What you are asked to do: Pictures stay out; print the rest of the listing below exactly as it stands.

Source data:
★ ★ ★ ★ ★

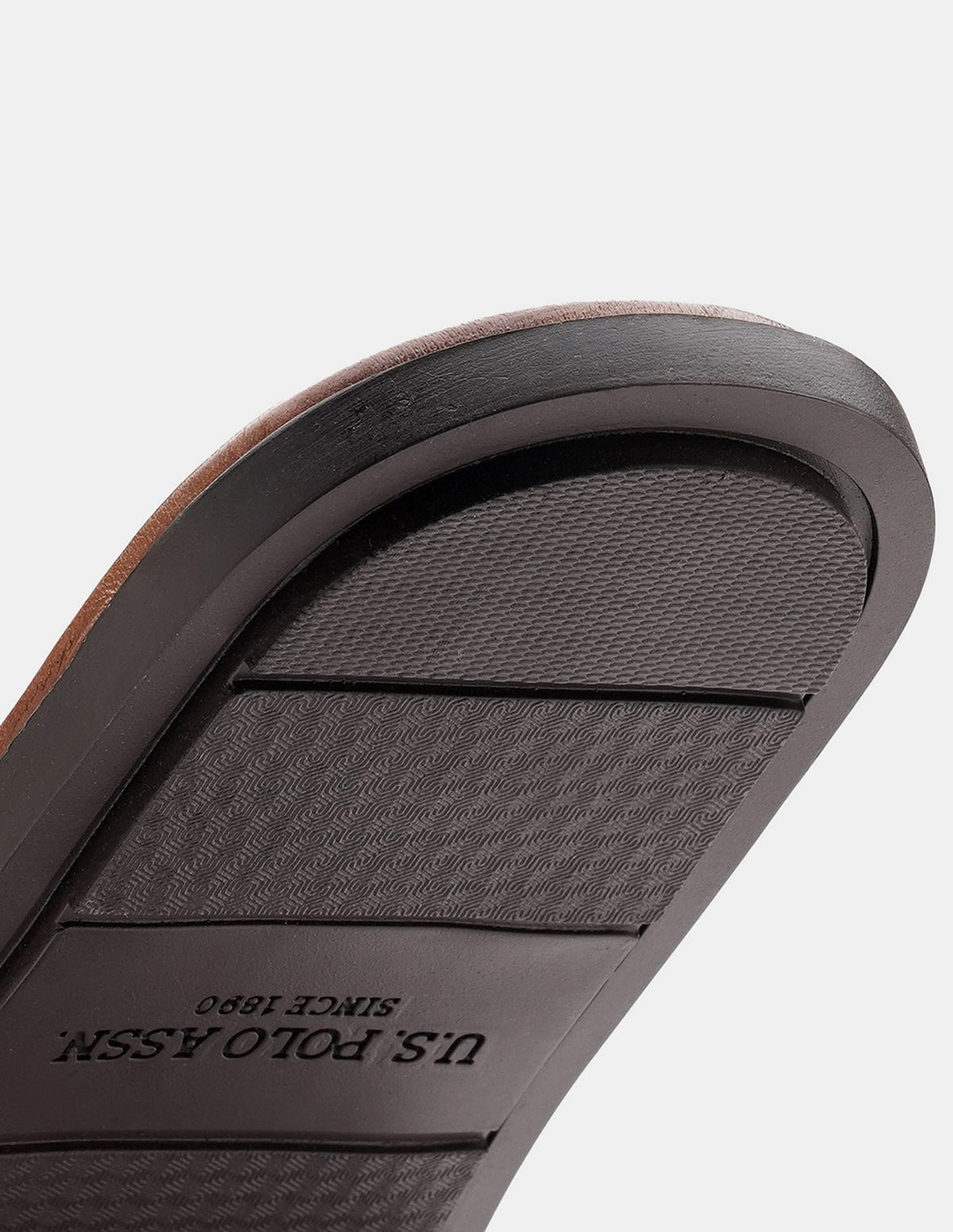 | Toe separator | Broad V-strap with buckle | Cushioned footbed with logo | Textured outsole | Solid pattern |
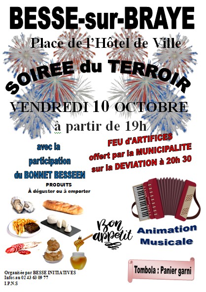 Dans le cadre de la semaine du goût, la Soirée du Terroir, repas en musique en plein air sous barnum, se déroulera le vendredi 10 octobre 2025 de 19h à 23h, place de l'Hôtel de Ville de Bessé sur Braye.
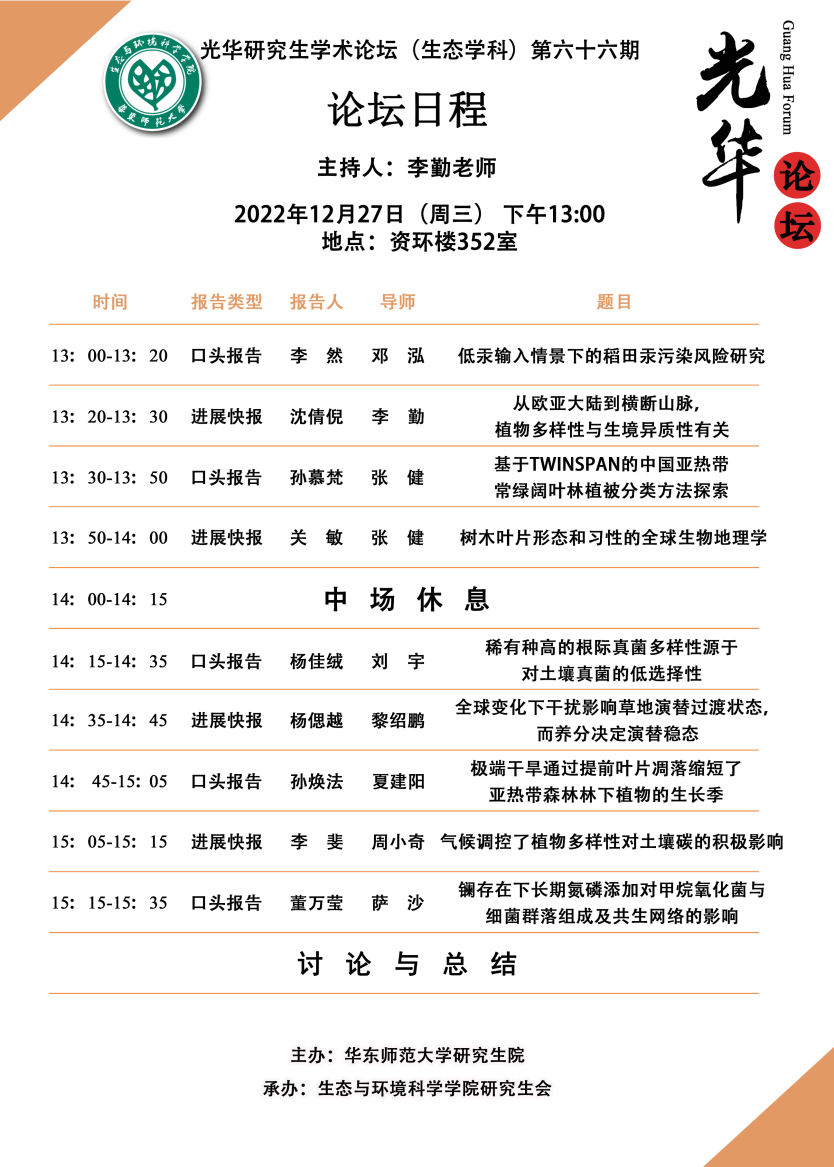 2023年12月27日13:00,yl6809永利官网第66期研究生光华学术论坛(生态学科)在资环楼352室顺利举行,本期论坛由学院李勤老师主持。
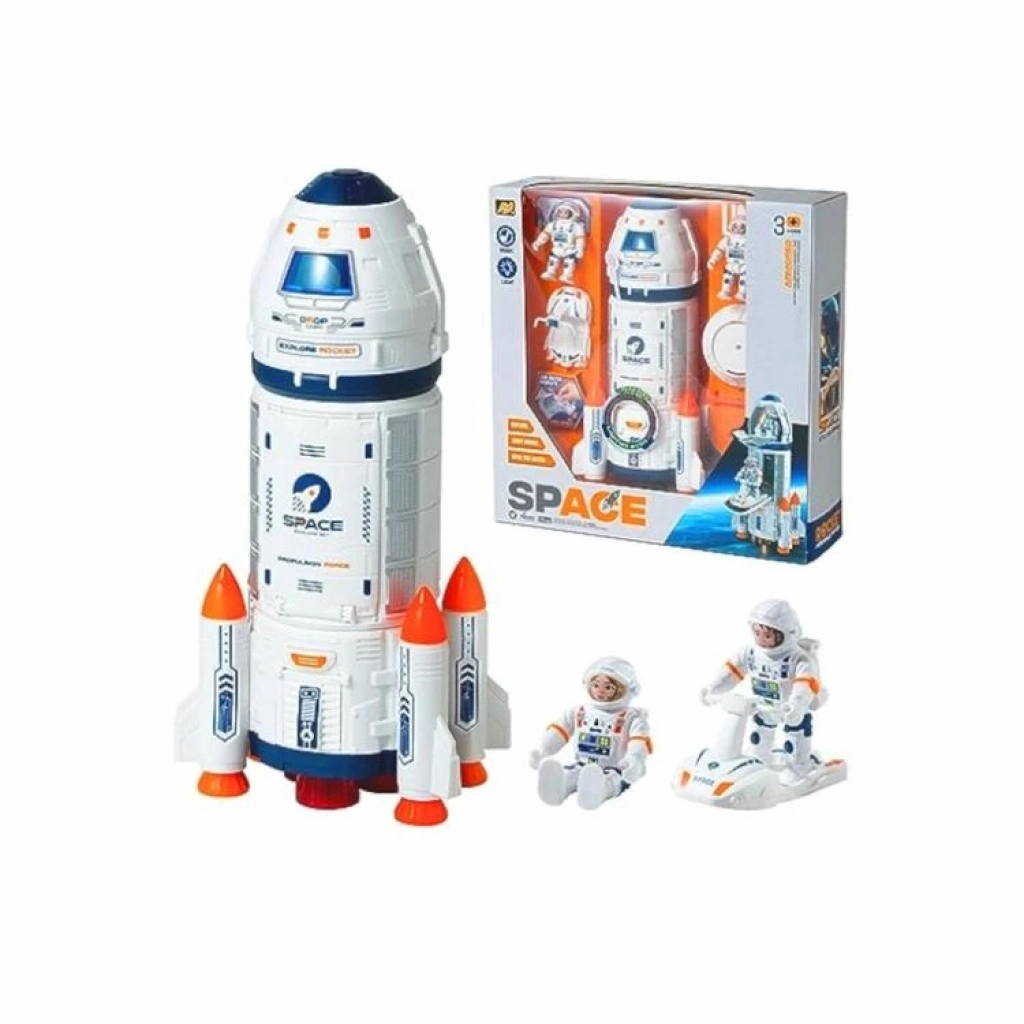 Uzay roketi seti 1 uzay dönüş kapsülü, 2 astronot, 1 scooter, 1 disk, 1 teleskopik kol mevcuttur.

★ ★ ★ ★ ★

Task answer:
 | Toe separator | Broad V-strap with buckle | Cushioned footbed with logo | Textured outsole | Solid pattern |
 Dans le cadre de la semaine du goût, la Soirée du Terroir, repas en musique en plein air sous barnum, se déroulera le vendredi 10 octobre 2025 de 19h à 23h, place de l'Hôtel de Ville de Bessé sur Braye.
 2023年12月27日13:00,yl6809永利官网第66期研究生光华学术论坛(生态学科)在资环楼352室顺利举行,本期论坛由学院李勤老师主持。
 Uzay roketi seti 1 uzay dönüş kapsülü, 2 astronot, 1 scooter, 1 disk, 1 teleskopik kol mevcuttur.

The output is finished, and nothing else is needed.